Перевоплощение Римо было недолгим, но Чиун не знал, когда Шива вновь завладеет рассудком Римо. И тогда Мастер во имя сохранения сил, вложенных в неблагодарного ученика, и продолжения рода решил разорвать узы, связывающие Римо с родной страной. Это решение, писал Чиун, возможно, и не стоило бы упоминать, разве только для того, чтобы отметить его гениальность. Подумав немного, Чиун добавил перед словом “гениальность” слово “непревзойденную”. Иногда истину трудно разглядеть между строк.

И это помогло, нацарапал Чиун. Они с Римо вернулись в Синанджу, поскольку не обязаны были больше работать на клиента в лице США. Римо согласился стать преемником Чиуна и полюбил корейскую девушку. И вот теперь они должны были пожениться. Со временем появятся внуки, и дело жизни Чиуна будет завершено. Чиун вступил в брак необдуманно, и у него не было сына, которого он мог бы назвать своим наследником. Его вынудили взять белого ученика, чтобы традиция Синанджу не умерла. Недооценка Римо могла бы иметь катастрофические последствия, ибо в результате из него получился величайший Мастер Синанджу, Римо Светлый.

Чиун остановился и вычеркнул слово “Светлый”, заменив его словом “Неблагодарный”. Затем вымарал и это слово и попытался подобрать такое, которое включало бы оба понятия, но не смог ничего придумать.

К нему вернулась прежняя тоска. Казалось бы, сбылось все, о чем он мечтал для Римо и для Синанджу, и все же он был несчастлив. Сокровищница Синанджу просто лопалась от нового золота и старых драгоценностей, а он все равно чувствовал себя потерянным. Ему уже никогда больше не придется служить иностранным государствам, а он тем не менее грустил. Римо обещал поселиться вместе с ним в Синанджу и не соглашаться ни на какую работу, не посоветовавшись с учителем, но и это не радовало старика.

Но он не решался признаться в этом даже самому себе. Римо вечно обвинял его в том, что он брюзжит. Чиун считал, что сказано неудачно и слишком резко, но понимал, что в словах Римо есть доля правды. На протяжении многих лет Чиун уговаривал Римо оставить Америку и перейти на службу более достойным империям. Например, Персии, ныне утратившей былое величие и получившей название Иран. Он рассчитывал, что работа на другую страну станет первым шагом на пути превращения Римо в истинного корейца.

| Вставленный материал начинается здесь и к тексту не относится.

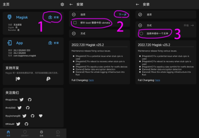 从Magisk v22.0版本起,Magisk与Magisk Manager已整合为单一文件:命名为Magisk.apk时,它作为Magisk应用程序,负责管理Magisk模块及相关功能;命名为Magisk.zip时,它是可刷入Magisk的卡刷包;而命名为uninstall.zip时,它则是用于卸载Magisk的卡刷包。

Но Римо поступил еще лучше: он приехал в Синанджу и сразу же покорил всех обитателей деревни. Чиун даже не предполагал, что такое может произойти, тем более так быстро.

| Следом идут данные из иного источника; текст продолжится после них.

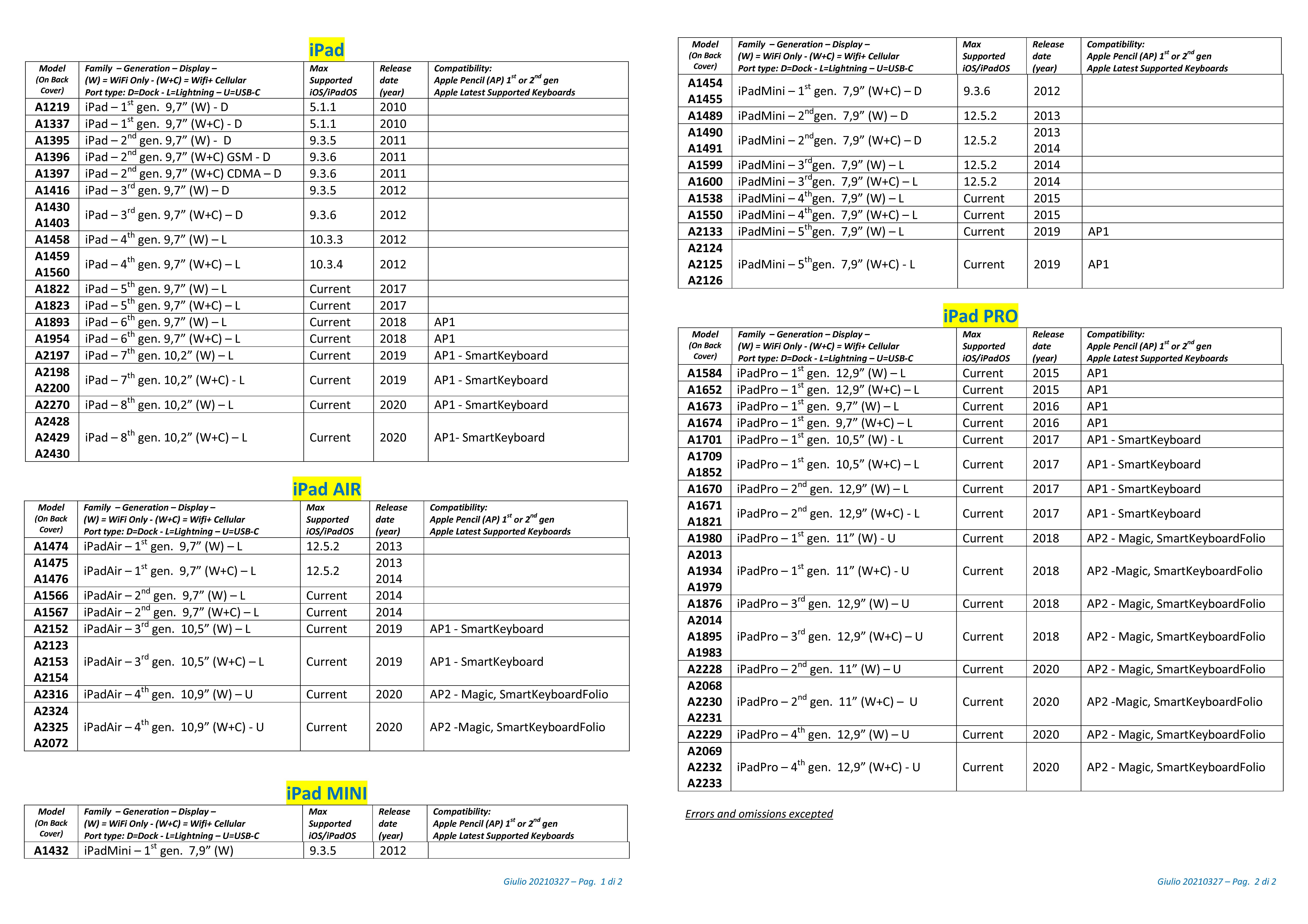 Newer models, not appearing in this list, are all able to be updated to the current version, iPadOS 14.4.2.

И все же он испытывал грусть.

Ему хотелось кому-нибудь пожаловаться, но он не решался. Если бы Римо узнал, что Чиун несчастлив, то мог бы принять какое-нибудь поспешное, необдуманное решение. Например, потребовать, чтобы они немедленно вернулись в Америку, где Чиун был счастлив. Относительно счастлив.

При этой мысли на изборожденном морщинами лице Чиуна появилось странное выражение.

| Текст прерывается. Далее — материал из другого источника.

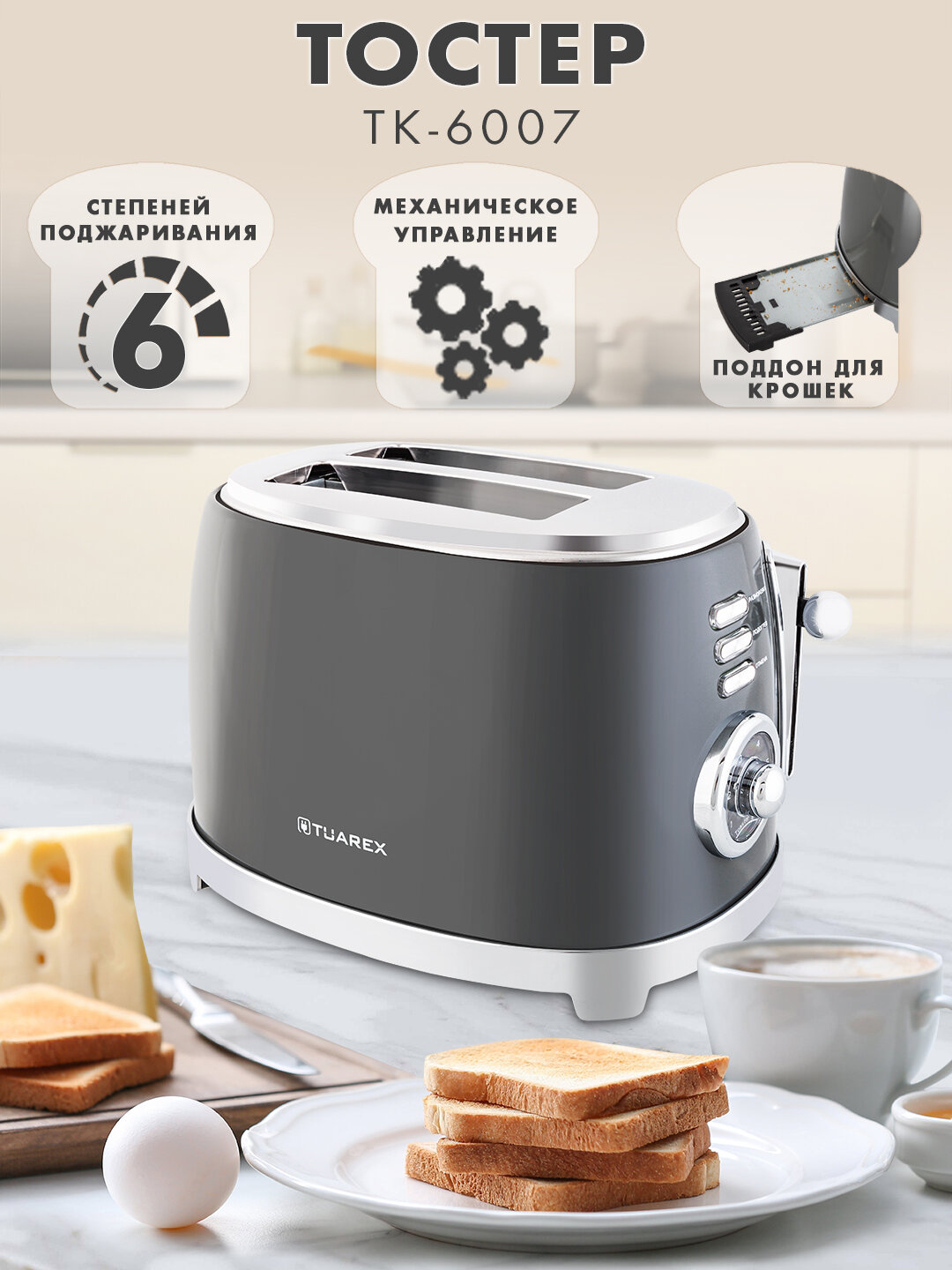 Купить Тостер для хлеба TUAREX TK-6007 / 850 Вт / 6 степеней поджаривания с доставкой по всей России. Тостер для хлеба TUAREX TK-6007 / 850 Вт / 6 степеней поджаривания: сравнение цен, характеристики, фото, актуальное наличие и цены.

Пока сохла тушь на свитке, Чиун взял с низенького столика кусок пергамента. Этот пергамент изготовили во времена Тутмоса II, и по западным меркам он считался бесценным, но для Мастера Синанджу это был всего лишь листок для записей, достойный величайшего Дома наемных убийц за всю человеческую историю.

Записка предназначалась Римо. Едва начав писать, Чиун сразу же вспомнил слово, обозначающее одновременно и “светлый”, и “неблагодарный”, и продолжил письмо.

* * *

На дисплее справа расположился зеленый контур Соединенных Штатов Америки.

Доктор Харолд В. Смит нажал на клавишу, и внутри контура появились границы штатов. На левой стороне экрана, отгороженный пунктиром, светился список Харолдов Смитов с датой и местом смерти. Смит вызвал этот список вновь, когда в Массачусетсе, у себя в кабинете был обнаружен новый труп — врача Харолда К. Смита. Его имя было последним в списке, построенном по датам гибели.

Пальцы доктора Смита летали по клавиатуре, последовательно нажимая на клавиши.

Один за другим все имена в списке получили порядковый номер, и один за другим каждый номер появился на карте. Между нанесенными на карту номерами выстраивалась толстая зеленая линия, словно в какой-нибудь детской игре.

Наконец все цифры заняли свое место, образовав зигзагообразную линию, идущую из Алабамы в Массачусетс. Линия была извилистой, но четкой. Это означало, что убийца — если он был один — ехал по шоссе.

Еще одна клавиша — и на карте появились все главные дороги США.

Зигзагообразная линия совпала с крупнейшими магистралями штатов, где были совершены убийства. Это было доказательством того, что у убийцы существовал четкий план и его путь, прошедший от Алабамы на север, в Новую Англию через район Великих озер, лежал теперь на юг. Следующая жертва, по оценкам Смита, будет обнаружена в Массачусетсе, Род-Айленде или Коннектикуте. А потом?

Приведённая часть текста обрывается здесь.